Elle pourrait être en partie expliquée par le vieillissement du verger et l’extension de la culture à des zones peu favorables.

Figure 11 : Evolution du rendement du sorgho, d’après MINAGRI, 2010.

La baisse du rendement du sorgho, culture qui n’ a bénéficié d’aucune attention majeure a été continue depuis environ 10 ans.

Figure 12 : Variation dans le temps du rendement respectif du palmier, du caféier et du cacaoyer, d’après MINAGRI, 2010).

Les rendements moyens du café et du cacao (figure 12) sont restés constants mais faibles sur la période considérée.

La coïncidence dans le temps du déclenchement de la baisse du rendement du sorgho et de celui du palmier à huile dans deux ZAC différentes incline à émettre l’hypothèse d’un déterminant commun. Celui-ci pourrait être imputé pour une grande part au dérèglement climatique qui s’est traduit au cours de la décennie 1980-1990 entre autres par une augmentation du nombre de jours de pluies exceptionnelles, à caractère érosif et par la diminution de la pluviométrie (tableaux 4 et 5).

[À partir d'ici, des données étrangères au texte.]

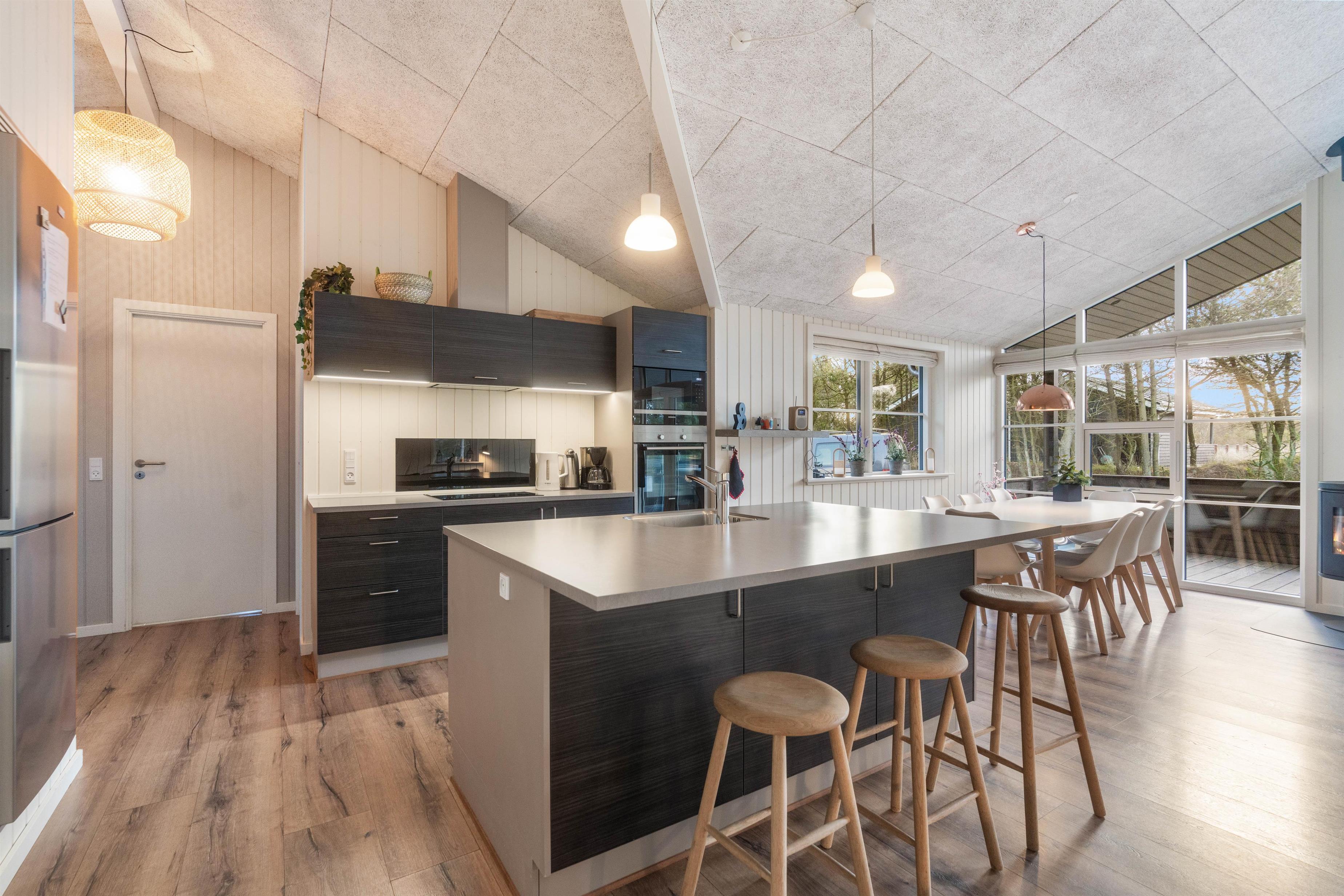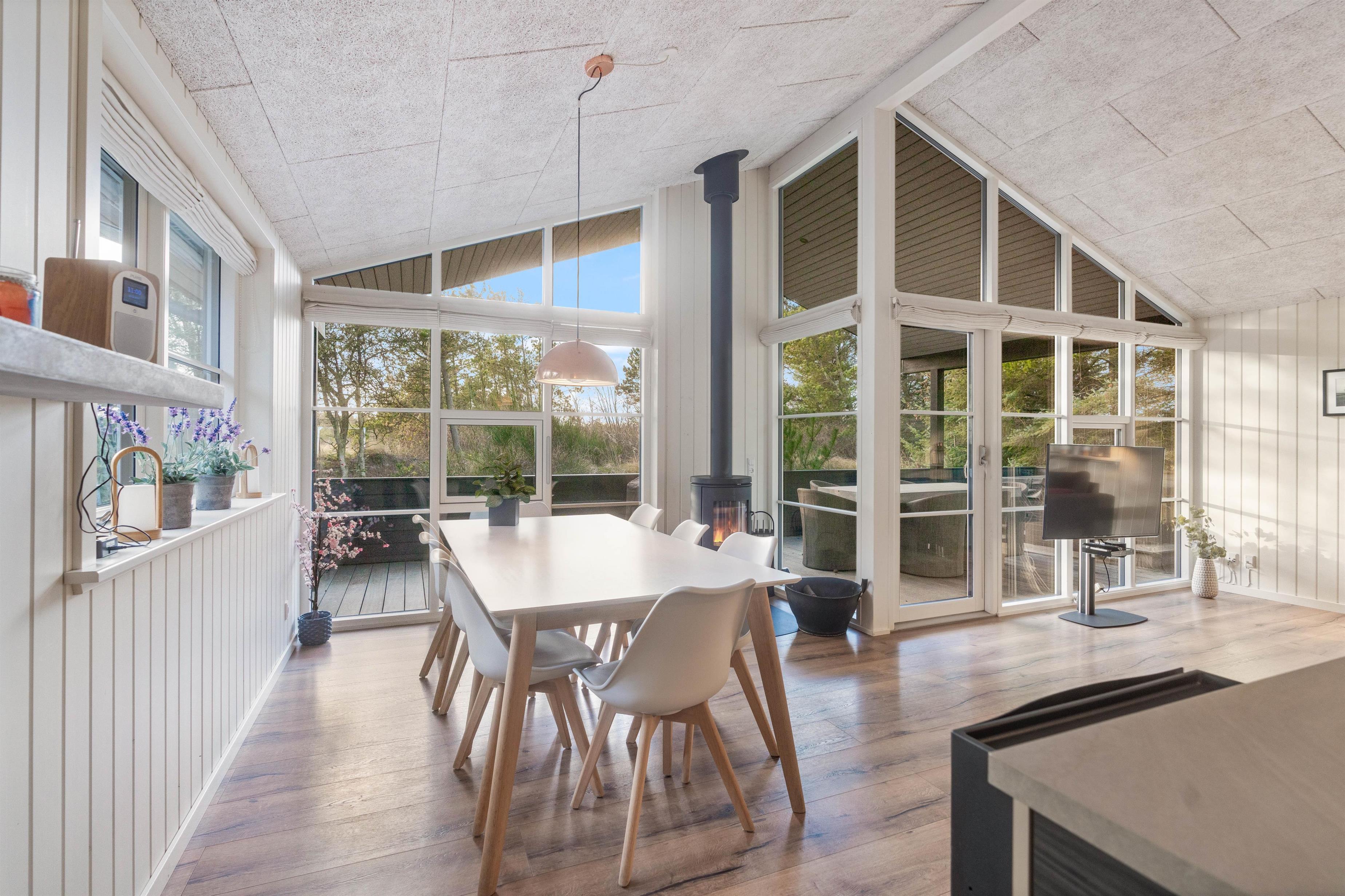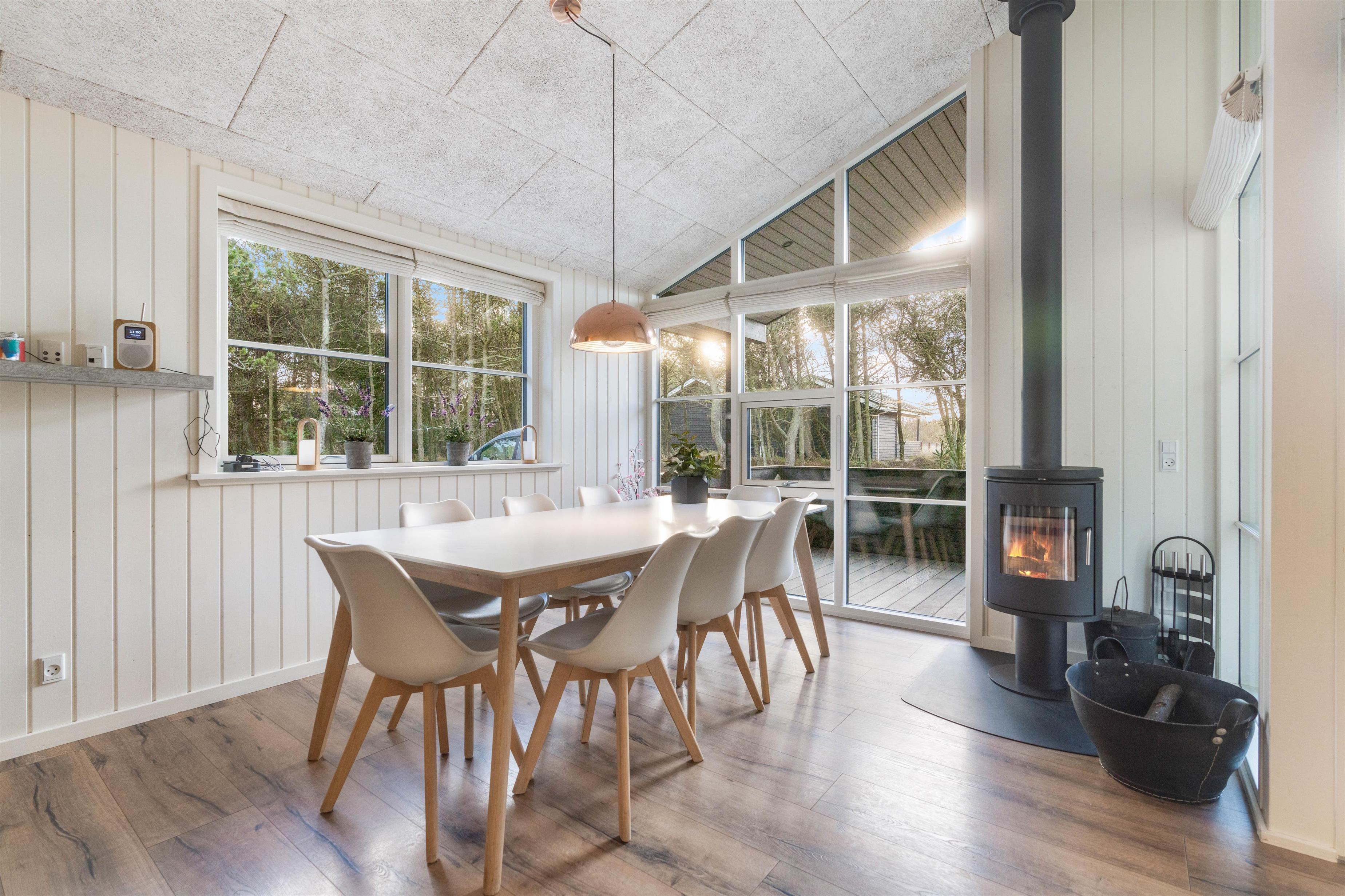 Sommerhusets varmepumpe og de energivenlige vinduer giver lavere el-omkostninger end i ældre huse. Og det flotte loft til kip giver både lys og luft, og det får sommerhuset til at virke større. Har man været en tur ved Vesterhavet er ild i brændeovnen en perfekt afslutning på dagen. Feriehusets gode fladskærms-TV er velegnet til gode film og fodbold.

La figure 13 montre que les rendements du riz et du maïs, deux cultures transversales, ont régulièrement augmenté sur la période des mesures. Ces deux cultures ont bénéficié des acquis de la recherche scientifique (cultivars de plus en plus performants et résistants à la sécheresse). Dans le cas précis du riz, il convient d’ajouter à ces acquis la maitrise de l’eau (aménagement de nombreux bas-fonds par l’Etat).

Figure 13 : variation du rendement respectif du riz et du maïs (source MINAGRA, 2010)

Ces deux exemples du riz et du maïs (Fig. 12) montrent que l’impact négatif de la dégradation des terres peut être atténué voire corrigé.

2.1.2.3. Zones d’Intervention Prioritaires

Il a été montré précédemment que l’agressivité du climat, vue à travers l’occurrence des pluies dites exceptionnelles, a augmenté du Sud vers le Nord, où la végétation a une faible capacité à protéger la terre. A l’intérieur de cette partie Nord du pays, la dégradation est sans doute d’autant plus poussée que les sols sont sableux ou limoneux, et que la pression anthropique est forte (alentours de la ville de Korhogo par exemple). La distinction précise des zones « chaudes » nécessite cependant d’actualiser l’étude de la capacité des sols réalisée à 1 /2.000.000 par Perraud (1971), et d’interpréter finement les images satellites. Pour le moment et de façon globale, le « toit du pays » marqué par une régression sévère de la pluviométrie, et par une forte activité d’extraction minière devrait être considéré comme une zone d’intervention prioritaire, dans le cadre de la lutte contre la dégradation des terres.

Les autres zones vulnérables, à prémunir nécessairement contre ce fléau, sont le Littoral et les régions montagneuses de l’Ouest.